Je plaçai cette lettre dans une première enveloppe sans adresse ni timbre de poste, et en collai soigneusement les bords ; puis j’introduisis le tout dans une seconde enveloppe, de couleur foncée, et fermée comme la première.

Au jour dit, j’arrivai chez Mme D., un peu en retard. Déjà Marie était endormie : elle ignora donc ma présence, sachant seulement que je devais venir. Les dix ou douze personnes réunies dans le salon de Mme D. étaient dans la stupéfaction de ce qu’elles venaient de voir, la somnambule ayant reconnu sans se tromper le contenu de plusieurs paquets préparés par elles-mêmes, comme je l’avais fait de mon côté ; mais je laissai les miens dans ma poche afin d’éviter la monotonie des expériences, me bornant à glisser ma lettre dans la main d’une des assistantes, en lui faisant signe de la faire passer jusqu’à M. Girault. Celui-ci la reçut sans savoir qu’elle venait de moi, et la remit entre les mains de Marie.

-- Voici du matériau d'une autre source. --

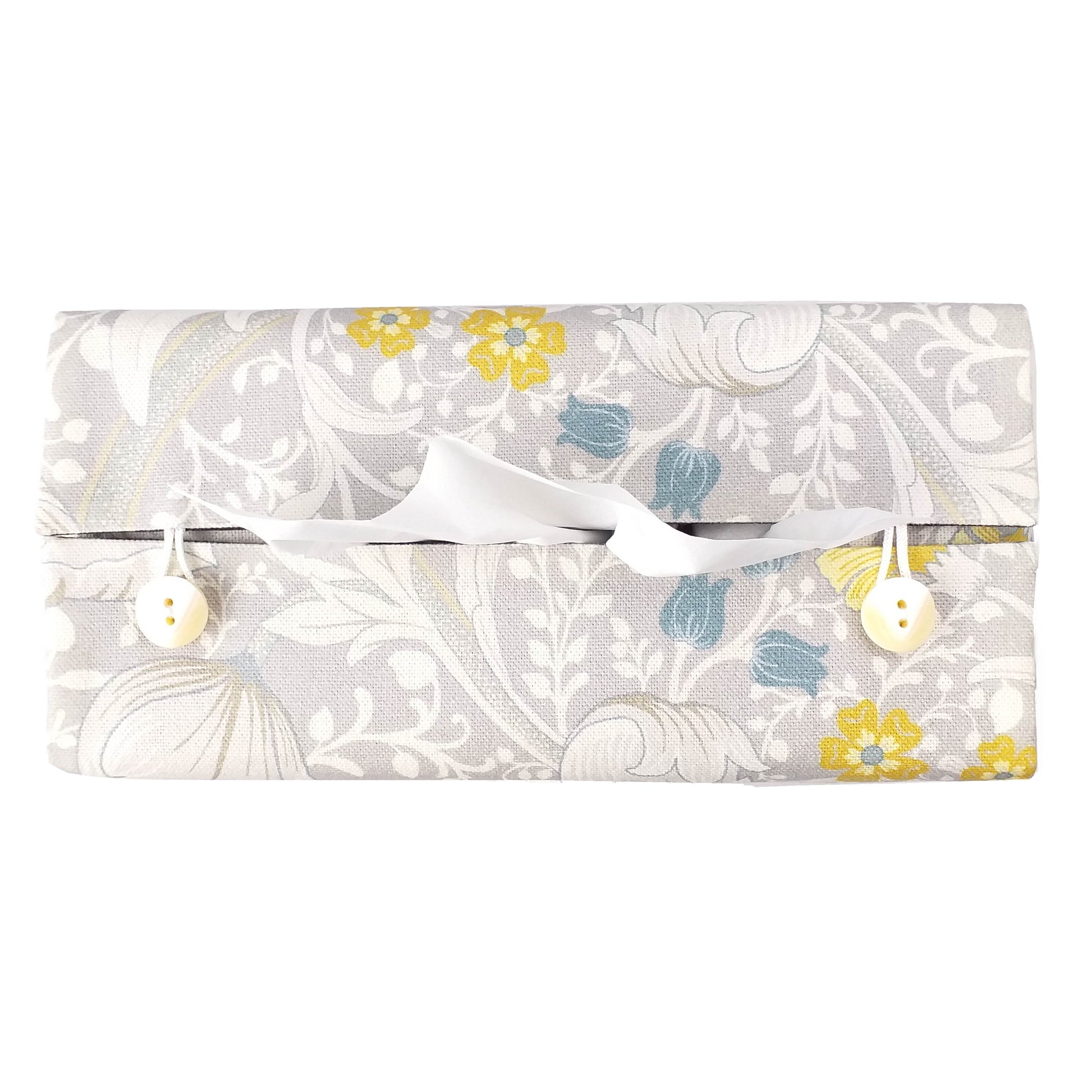 This cotton rectangle tissue box cover is handmade in our Glasgow, Scotland studio and features a beautiful design of white magnolia flowers with blue, yellow, and grey accents. It also includes a black cotton lining, and cream buttons with a white nylon cord. Pattern placement varies.

Je n’ai pas noté si ses yeux étaient ouverts ou fermés, mais cela n’avait, on le conçoit, aucune importance en pareil cas.

« Qu’est-ce que vous avez dans la main ? demanda le Dr Girault.

— Une lettre.

— À qui a-t-elle été adressée ?

— À M. Dufay.

— Par qui ?

— Par un monsieur militaire que je ne connais pas.

— De quoi parle-t-il dans sa lettre, ce monsieur militaire.

— Il est malade ; il parle de sa maladie.

— Est-ce une maladie que vous pourriez nommer ?

— Oh ! oui, très bien ; … c’est comme celle du vieux boissier de Mesland, qui n’est pas encore arrêtée…

— Très bien, très bien, je comprends,… la dysenterie. Écoutez, Marie, je crois que vous feriez grand plaisir à M. Dufay si vous alliez voir son ami l’officier, pour lui en rapporter des nouvelles certaines.

— Oh, il est trop loin… Ce serait un long voyage.

— Eh bien, partez sans perdre de temps. Nous vous attendons.

(Après un long silence.) Je ne peux pas continuer ma route… Il y a de l’eau, beaucoup d’eau.

— Et vous ne voyez pas de pont ?

— Bien sûr qu’il n’y a pas de pont.

— Il y a peut-être un bateau pour traverser, comme entre Onzain et Chaumont ? (Le pont de Chaumont sur la Loire n’était pas encore construit.)

— Des bateaux,… oui ; mais cette Loire-là me fait grand peur : une vraie inondation !

— Allons, allons, du courage, et embarquez-vous. (Silence prolongé.